_Exercise objective_
Write out the data that follows exactly, keeping every picture out.

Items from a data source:
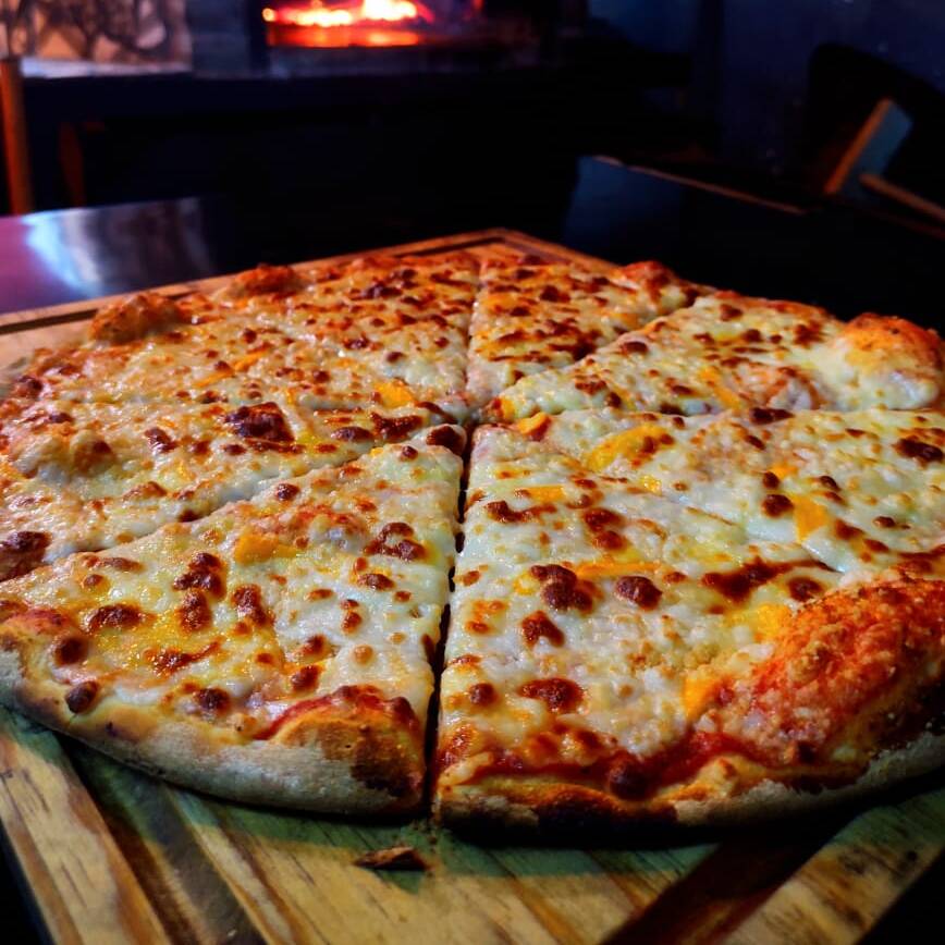 Pizza grande 36 cm. Mezcla de queso mozzarella, americano y parmesano. Todas nuestras pizzas son artesanales con pasta delgada, elaboradas al momento, seleccionando ingredientes de calidad y horneadas en horno de piedra a la leña.
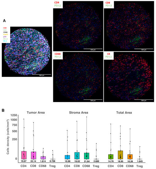 In order to further evaluate the cell origin of PD-L1 protein expression, we applied a multiplex fluorescent IHC method using different immune cell and epithelial markers. PD-L1 mean cell density in the total area (measured in cells/mm2) as assessed by multiplex fluorescent IHC was significantly correlated with PD-L1 IHC assessment by both SP142 (Mann–Whitney p = 0.008) and SP263 (p = 0.012). We also assessed the co-expression of PD-L1 and markers that define specific immune cell subpopulations: CD4 and CD8 for lymphocytes, FoxP3 for regulatory cells, and CD68 for macrophages, as well as PD-L1 expression in cytokeratin-positive tumor cells. Both the PD-L1 mean cell density in the total area and in different cellular compartments (stroma versus tumor) were assessed (Figure 3A). Overall, PD-L1 was mainly expressed in lymphocytes (mean cell density of PD-L1+/CD4+ cells: 14.7 cells/mm2 and of PD-L1+/CD8+ cells: 18.9 cells/mm2). However, in the stromal compartment, macrophages were the most common PD-L1-expressing cells (mean cell density of PD-L1+/CD68+ cells: 21.6 cells/mm2), followed by cytotoxic lymphocytes (mean cell density of PD-L1+/CD8+ cells: 19.0 cells/mm2). As expected, PD-L1-expressing tumor cells were dominant in tumor-rich areas, followed by infiltrating lymphocytes. The mean cell density of PD-L1+/CK+ cells was 153.1 cells/mm2, significantly higher than the density of PD-L1+/CD8+ cells (22.1 cells/mm2, Wilcoxon signed-rank p < 0.001) or PD-L1+/CD4+ cells (19.6 cells/mm2, p < 0.001). In addition, the density of PD-L1+/CD68+ cells in the tumoral compartment was significantly lower than in the stroma (p = 0.001). PD-L1-positive T regulatory cells (FoxP3+) were uncommon: mean cell density of 2.6 cells/mm2 in the stromal and 0.7 cells/mm2 in the tumoral compartment (Figure 3B).
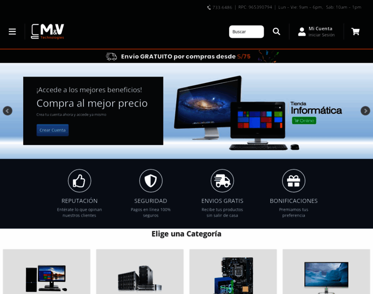 Somos la Tienda Informática Online especialista en brindar completas soluciones para usuarios del hogar y empresas. Compra online tus productos favoritos tales como Laptops, Computadoras, Impresoras, Servidores, Suministros, UPS, Componentes, Accesorios y recíbelos sin salir de casa o la oficina. M&V Technologies es la tienda online que el Perú prefiere.
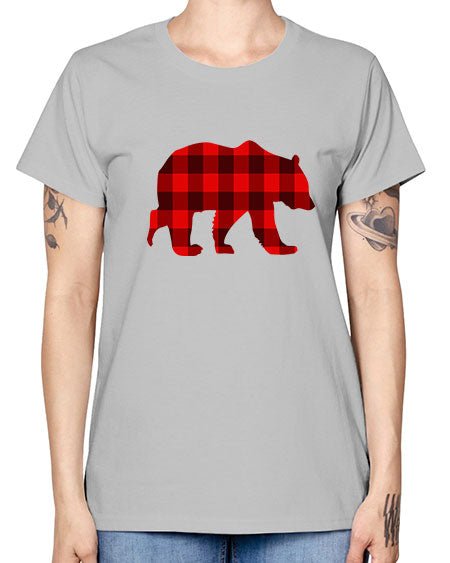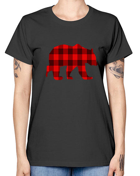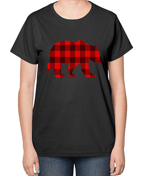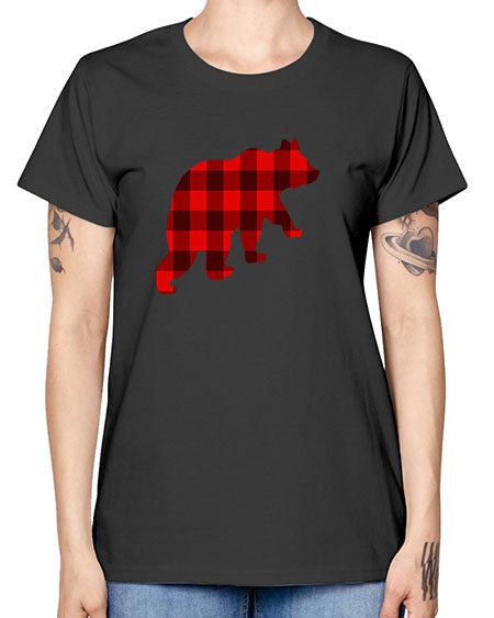plaid bear 229# - bears - animals- Ladies T-Shirt
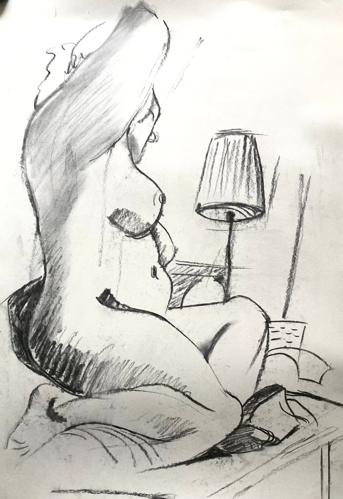 ‘Hug#2’’ 70 x 100cm, 2021 Charcoal and oil wash on Fabriano paper‘Hug#1’ 70 x 100cm, 2020. Charcoal and oil wash on Fabriano paper‘Wrapped and Twisted’, 2021. Charcoal on Fabriano paper, 100 x 70cm‘Wrapped ‘, 2021. Charcoal on Fabriano paper, 100 x 70cmBig Twist charcoal on Fabriano paper, 100 x 70cm‘Diagonal Clutch’ charcoal on Fabriano paper, 100 x 70cm‘Life Drawing with t bag #1’ ‘Life Drawing with t bag #2’ , 100 x 70cm , 2024, charcoal on paperLife Drawing with t bag #3, 2024, charcoal on paper 100 X 70cm‘Nude With Necklace’ 2024‘Nude & Lampshade’, 2024‘Face Down Nude’, 2024‘Leaning #2’, 2024‘Leaning’, 2024
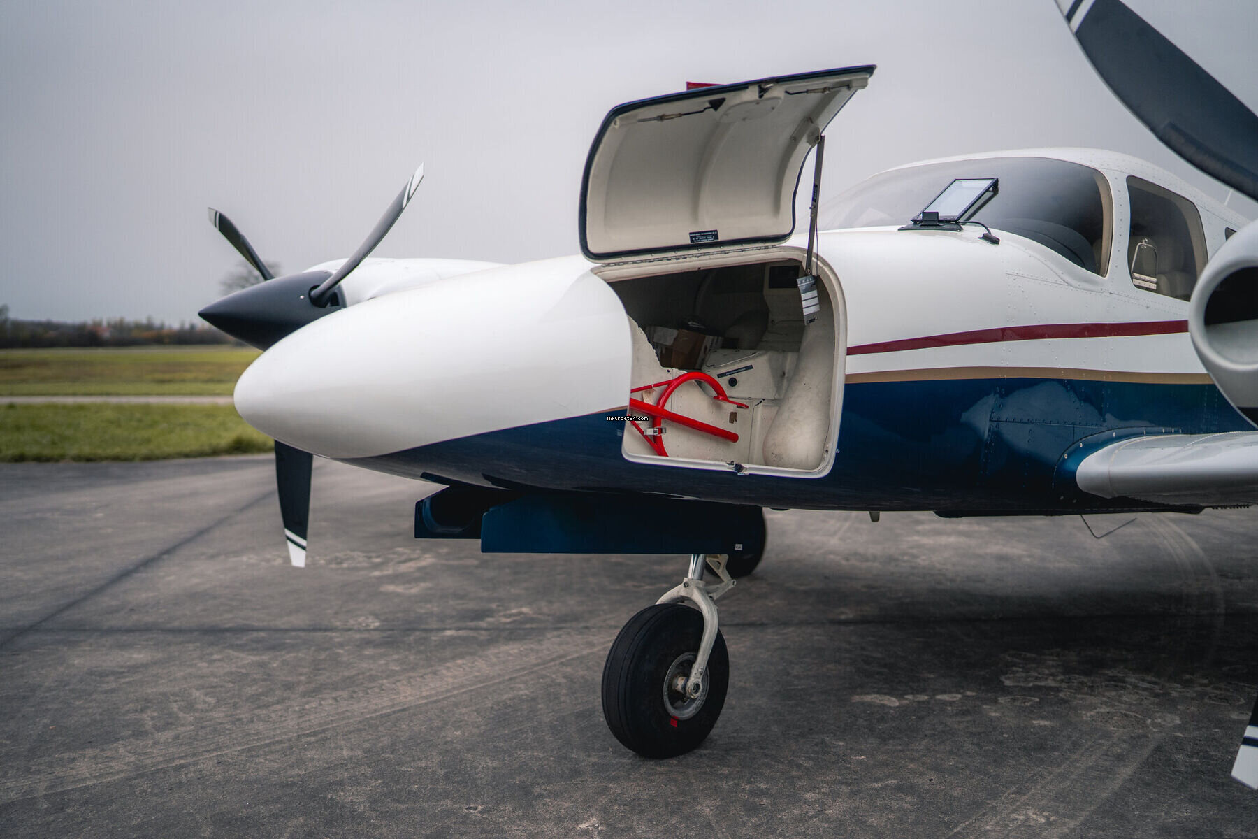 | Exterior | | Well maintained (9/10) dark blue paint with red and golden stripes. Retrofitted with MT Propellers. |
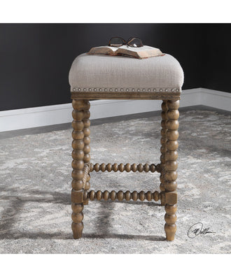 A Casual Statement Counter Stool Featuring Spindle Turned Legs And Carved Trim Finished In A Light Walnut Stain. Plush Seat Is Tailored In A Soft Ivory Linen Blend Fabric Accented With Brushed Nickel Nail Head Trim. Seat Height Is 26".Uttermost's Furniture Combines Premium Quality Materials With Unique High-style Design.With The Advanced Product Engineering And Packaging Reinforcement, Uttermost Maintains Some Of The Lowest Damage Rates In The Industry. Each Product Is Designed, Manufactured And Packaged With Shipping In Mind.
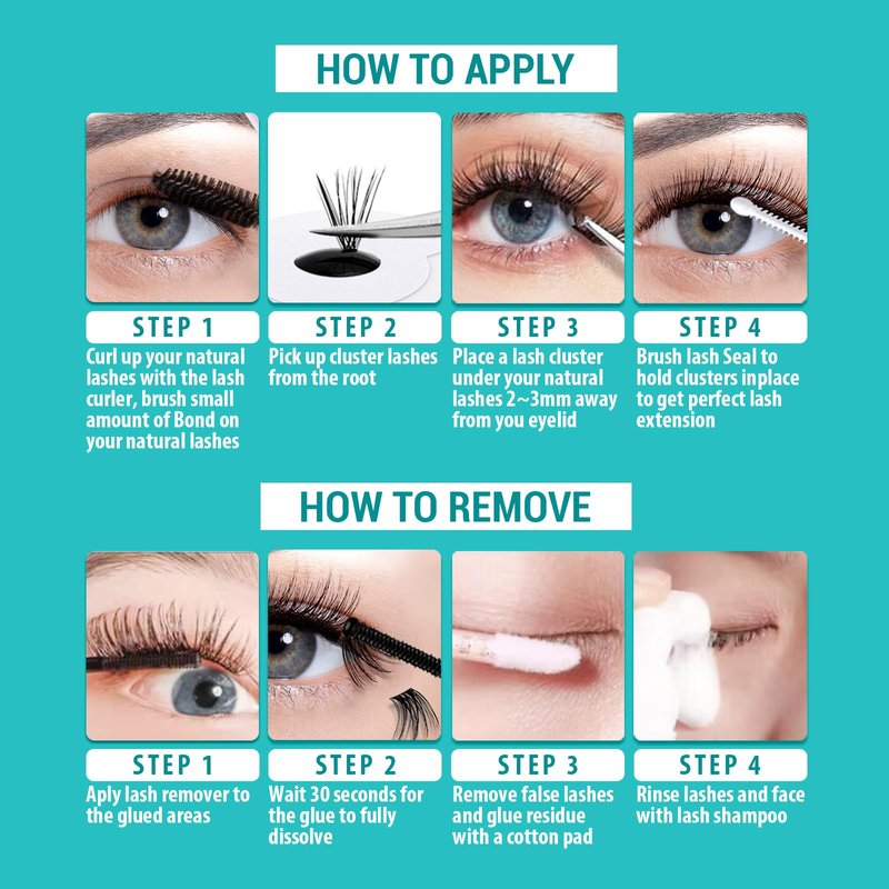 - Easier to Apply & Remove: This eyelash extension kit is very easy to use. The applicator this kit comes with good. It’s very easy to wear the lashes on and get the lashes off the lash strip. Curl up your natural lashes with the lash curler, brush small amount of bond on your natural lashes, pick up cluster lashes from the root, place under your natural lashes 2-3mm away from your eyelid. Brush lash seal to hold clusters in place to get perfect lash extension.

_Result of this task_
 Pizza grande 36 cm. Mezcla de queso mozzarella, americano y parmesano. Todas nuestras pizzas son artesanales con pasta delgada, elaboradas al momento, seleccionando ingredientes de calidad y horneadas en horno de piedra a la leña.
 In order to further evaluate the cell origin of PD-L1 protein expression, we applied a multiplex fluorescent IHC method using different immune cell and epithelial markers. PD-L1 mean cell density in the total area (measured in cells/mm2) as assessed by multiplex fluorescent IHC was significantly correlated with PD-L1 IHC assessment by both SP142 (Mann–Whitney p = 0.008) and SP263 (p = 0.012). We also assessed the co-expression of PD-L1 and markers that define specific immune cell subpopulations: CD4 and CD8 for lymphocytes, FoxP3 for regulatory cells, and CD68 for macrophages, as well as PD-L1 expression in cytokeratin-positive tumor cells. Both the PD-L1 mean cell density in the total area and in different cellular compartments (stroma versus tumor) were assessed (Figure 3A). Overall, PD-L1 was mainly expressed in lymphocytes (mean cell density of PD-L1+/CD4+ cells: 14.7 cells/mm2 and of PD-L1+/CD8+ cells: 18.9 cells/mm2). However, in the stromal compartment, macrophages were the most common PD-L1-expressing cells (mean cell density of PD-L1+/CD68+ cells: 21.6 cells/mm2), followed by cytotoxic lymphocytes (mean cell density of PD-L1+/CD8+ cells: 19.0 cells/mm2). As expected, PD-L1-expressing tumor cells were dominant in tumor-rich areas, followed by infiltrating lymphocytes. The mean cell density of PD-L1+/CK+ cells was 153.1 cells/mm2, significantly higher than the density of PD-L1+/CD8+ cells (22.1 cells/mm2, Wilcoxon signed-rank p < 0.001) or PD-L1+/CD4+ cells (19.6 cells/mm2, p < 0.001). In addition, the density of PD-L1+/CD68+ cells in the tumoral compartment was significantly lower than in the stroma (p = 0.001). PD-L1-positive T regulatory cells (FoxP3+) were uncommon: mean cell density of 2.6 cells/mm2 in the stromal and 0.7 cells/mm2 in the tumoral compartment (Figure 3B).
 Somos la Tienda Informática Online especialista en brindar completas soluciones para usuarios del hogar y empresas. Compra online tus productos favoritos tales como Laptops, Computadoras, Impresoras, Servidores, Suministros, UPS, Componentes, Accesorios y recíbelos sin salir de casa o la oficina. M&V Technologies es la tienda online que el Perú prefiere.
plaid bear 229# - bears - animals- Ladies T-Shirt
 ‘Hug#2’’ 70 x 100cm, 2021 Charcoal and oil wash on Fabriano paper‘Hug#1’ 70 x 100cm, 2020. Charcoal and oil wash on Fabriano paper‘Wrapped and Twisted’, 2021. Charcoal on Fabriano paper, 100 x 70cm‘Wrapped ‘, 2021. Charcoal on Fabriano paper, 100 x 70cmBig Twist charcoal on Fabriano paper, 100 x 70cm‘Diagonal Clutch’ charcoal on Fabriano paper, 100 x 70cm‘Life Drawing with t bag #1’ ‘Life Drawing with t bag #2’ , 100 x 70cm , 2024, charcoal on paperLife Drawing with t bag #3, 2024, charcoal on paper 100 X 70cm‘Nude With Necklace’ 2024‘Nude & Lampshade’, 2024‘Face Down Nude’, 2024‘Leaning #2’, 2024‘Leaning’, 2024
 | Exterior | | Well maintained (9/10) dark blue paint with red and golden stripes. Retrofitted with MT Propellers. |
 A Casual Statement Counter Stool Featuring Spindle Turned Legs And Carved Trim Finished In A Light Walnut Stain. Plush Seat Is Tailored In A Soft Ivory Linen Blend Fabric Accented With Brushed Nickel Nail Head Trim. Seat Height Is 26".Uttermost's Furniture Combines Premium Quality Materials With Unique High-style Design.With The Advanced Product Engineering And Packaging Reinforcement, Uttermost Maintains Some Of The Lowest Damage Rates In The Industry. Each Product Is Designed, Manufactured And Packaged With Shipping In Mind.
 - Easier to Apply & Remove: This eyelash extension kit is very easy to use. The applicator this kit comes with good. It’s very easy to wear the lashes on and get the lashes off the lash strip. Curl up your natural lashes with the lash curler, brush small amount of bond on your natural lashes, pick up cluster lashes from the root, place under your natural lashes 2-3mm away from your eyelid. Brush lash seal to hold clusters in place to get perfect lash extension.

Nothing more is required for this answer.